Although a paper version of this book is available from Forge Books, it retails for about six times the cost of this ebook. All this great back catalogue by writers, whose older titles might not be viable in the print medium, are relatively easy to put up in a digital format where they will be available forever. (Or until some new format comes along, I suppose—maybe glasses, that when you put them on the words scroll across the "screen" directly in front of your eyes?)
The price is right for this collection. And if you're at all curious about this particular story let me assure you that the rest of the book is good and in places better—I'm thinking here of the title story, "The Barrens," which might still be one of Wilson's best pieces to date. You also get to hang out with Repairman Jack, the Joker (from DC Comics's Batman, but there are no capes here), Dick Tracy, serial killers, and others. Oh and then there's "Pelts," a gory, anti-fur industry tale that will have you squirming in your seat.
Tempest, by Julie Cross, St. Martin's Griffin, $17.99.

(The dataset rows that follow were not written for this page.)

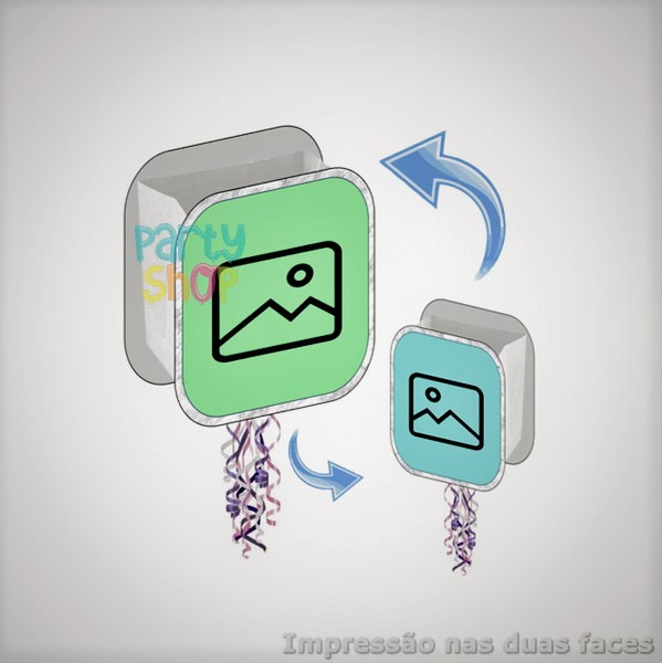 Pinhata de puxar de aproximadamente 45cm x 30 cm (AxL) com duas faces impressas, vendida sem recheio, recheio opcional disponivel na loja,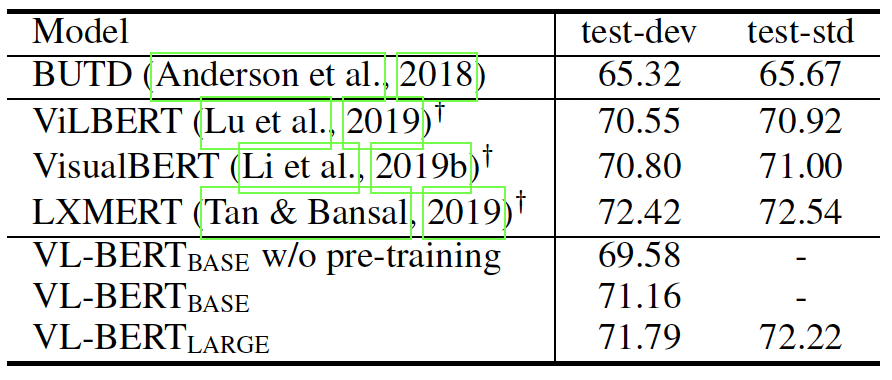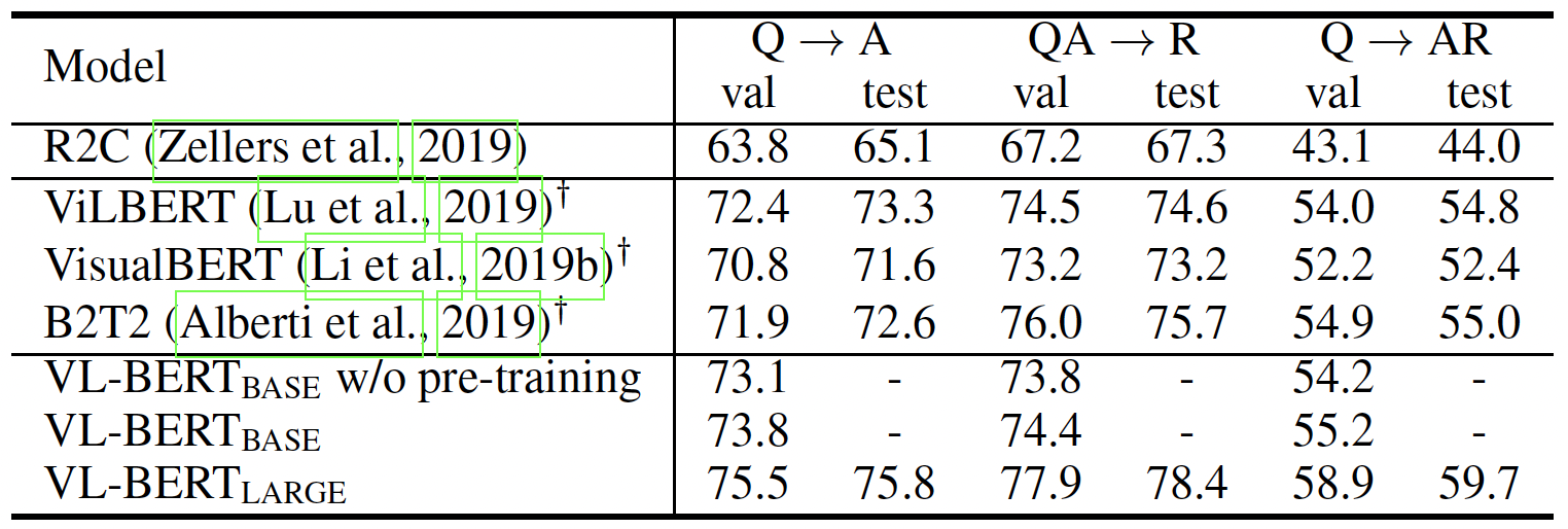 위의 그림은 VCR 벤치마크에서 다른 baseline 모델들과 성능을 평가한 결과이다. VL-BERT 모델은 다른 BERT 기반의 모델들을 outperform하는 성능을 보여주며, SOTA를 달성한다.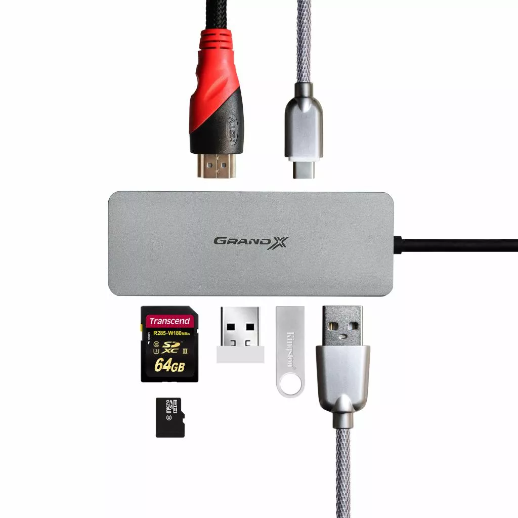 Концентратор Grand-X SG-512 с встроенным картридером станет надежным помощником для тех, кому не хватает USB портов на ноутбуке, или порты расположены не удобно. Встроенный картридер позволит работать с картами памяти не используя дополнительных устройств, а наличие портов HDMI и TypeC дает возможность поключить внешний монитор, камеру, планшет и смартфон, без использования дополнительных переходников.

And speaking of time travel, Julie Cross's YA novel Tempest has some fresh elements that make for a terrific read. But before I get to them I want to digress for just a moment to explain why I like YA takes on tried-and-true SF tropes as much as I do. I appreciate a new spin on an old idea as much as the next person, but what I especially like about novels such as this—and Martyn Bedford's Flip which we discussed in an earlier column—is the limitations put upon the younger characters to solve their problems.
They don't simply have the problem itself to deal with. There are also the roadblocks put up by all the authority figures in a teen's life: not only the police, or perhaps government agents; they also have to deal with parents, teachers, basically anybody who is an adult. They can't simply jet off, or throw money at a problem, because for the most part they don't have access to either.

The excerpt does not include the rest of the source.